Now let’s take a look at the year-end totals for pitching stats, and if there was an actual difference in statistics.

Code
pre <- adpitchingpre |>
  select(ERA, `K%` ,`BB%`, `HR/9` ) |> 
  mutate(
    `2021` = "Pre-ban"
    )

post <- adpitchingpost |>
  select(ERA, `K%` ,`BB%`, `HR/9` )  |> 
  mutate(
    `2021` = "Post-ban"
    )

total <- as_tibble_row(c(`2021`="Total", ERA = +.32, `K%`="-1.5%", `BB%`="-0.1%", `HR/9`= +0.12))

total <- total |> 
  mutate(
    ERA = as.numeric(ERA),
    `HR/9` = as.numeric(`HR/9`)
  )

summaries <- bind_rows(pre, post, total)

summaries |>
  select(`2021`, everything()) |> 
  gt() |>
  tab_header(
    title = "League Wide Pitching Data in 2021",
    subtitle = "This is where we compare pitching data leauge wide, pre and post ban."
  ) |> 
  tab_style(
    style = cell_text(color = "black", weight = "bold", align = "left"),
    locations = cells_title("title")
  ) |> tab_style(
    style = cell_text(color = "black", align = "left"),
    locations = cells_title("subtitle")
  ) |>   tab_style(
    style = list(
      cell_fill(color = "#BF0D3E"),
      cell_text(color = "white")
      ),
    locations = cells_body(
      rows = `2021` == "Total")
  ) |>
  tab_style(
     locations = cells_column_labels(columns = everything()),
     style = list(
       cell_borders(sides = "bottom", weight = px(3)),
       cell_text(weight = "bold", size=12)
     )
   ) |>
  opt_row_striping() |> 
  opt_table_lines("none") |>
  tab_source_note(
    source_note = md("**By:** Jack Lyons  |  **Source:** FanGraphs Major League Pitching 2021") 
  )
League Wide Pitching Data in 2021
This is where we compare pitching data leauge wide, pre and post ban.
2021 ERA K% BB% HR/9
Pre-ban 4.16 23.40% 7.90% 1.26
Post-ban 4.48 21.90% 7.80% 1.38
Total 0.32 -1.5% -0.1% 0.12
By: Jack Lyons | Source: FanGraphs Major League Pitching 2021

Surprisingly, the MLB was right. The ban on sticky substances used by pitchers led to an increase in offensive output. Although small, a 0.32-point rise in league-wide ERA is a significant jump in overall offense, and additionally, we observed a 1.5% drop in strikeout rate. While these numbers may not stand out immediately, they indicate that in the post-foreign-substance era, pitchers struggled more than before, and importantly, league-wide offense increased.

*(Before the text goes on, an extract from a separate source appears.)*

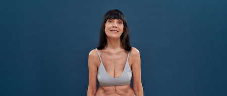 Feeling young at any age. Beautiful middle aged caucasian woman with age wrinkles around eyes posing on dark blue background, panoramic banner with copy space for text

Throughout this process, we observed noticeable changes in both offensive and pitching metrics before and after the foreign substance ban, indicating some level of success. MLB aimed not only to reduce cheating by pitchers but also to improve overall offensive performance, and the data shows that they achieved this. Many hitters significantly enhanced their statistics along with league-wide increases in home run rates. On the pitching side, unaffected pitchers stood out from those whose numbers declined, whether due to restrictions on foreign substances or the season’s length.

MLB’s effort to eliminate foreign substances from baseball has been quite effective. Umpires routinely check all pitchers between innings, even five years after the initial ban, establishing a common practice that seems to be successful. Concerning the rise in offensive numbers, only time will reveal the full impact, but the data in these graphs show that offensive stats are indeed on the rise, in large, because of this ban.